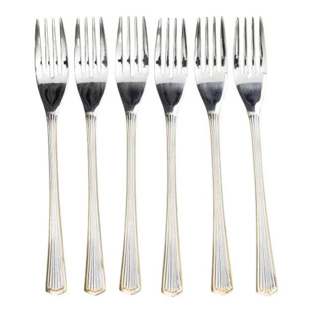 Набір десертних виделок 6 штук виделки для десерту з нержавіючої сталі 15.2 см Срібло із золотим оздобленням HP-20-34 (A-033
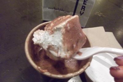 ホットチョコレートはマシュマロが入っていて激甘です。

★ ★ ★ ★

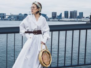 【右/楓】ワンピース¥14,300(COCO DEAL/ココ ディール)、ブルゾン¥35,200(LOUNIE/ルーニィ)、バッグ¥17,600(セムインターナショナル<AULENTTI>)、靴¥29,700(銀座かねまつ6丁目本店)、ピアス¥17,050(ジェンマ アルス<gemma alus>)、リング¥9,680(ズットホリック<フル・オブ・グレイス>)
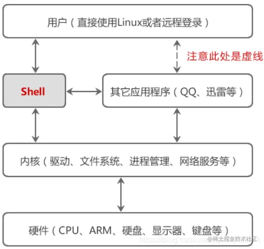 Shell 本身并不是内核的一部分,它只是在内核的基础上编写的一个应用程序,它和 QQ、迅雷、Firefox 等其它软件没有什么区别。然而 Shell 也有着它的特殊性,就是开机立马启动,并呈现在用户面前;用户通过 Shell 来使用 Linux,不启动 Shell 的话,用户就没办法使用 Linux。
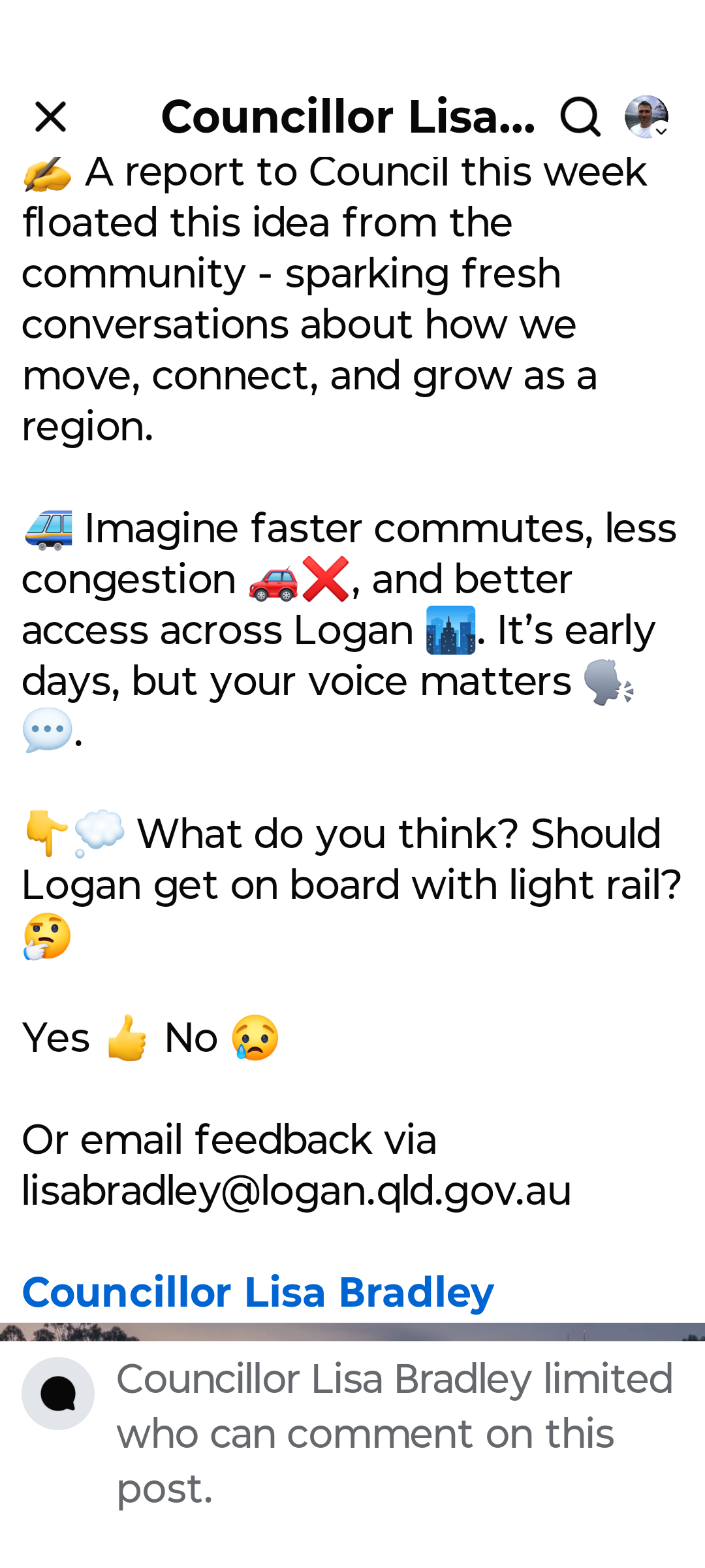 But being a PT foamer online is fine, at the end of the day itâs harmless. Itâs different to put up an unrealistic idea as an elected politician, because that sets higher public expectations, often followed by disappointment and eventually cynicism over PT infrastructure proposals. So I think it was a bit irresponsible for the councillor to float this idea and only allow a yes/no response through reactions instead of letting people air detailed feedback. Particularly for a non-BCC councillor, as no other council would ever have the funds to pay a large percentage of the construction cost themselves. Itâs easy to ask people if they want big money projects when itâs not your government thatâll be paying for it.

★ ★ ★ ★

Output only the stretch above from the line with "Набір десертних виделок" through the line with "ホットチョコレートはマシュマロが入っていて激甘です。", reproduced exactly. Exclude pictures.

### Written reply
 Набір десертних виделок 6 штук виделки для десерту з нержавіючої сталі 15.2 см Срібло із золотим оздобленням HP-20-34 (A-033
 ホットチョコレートはマシュマロが入っていて激甘です。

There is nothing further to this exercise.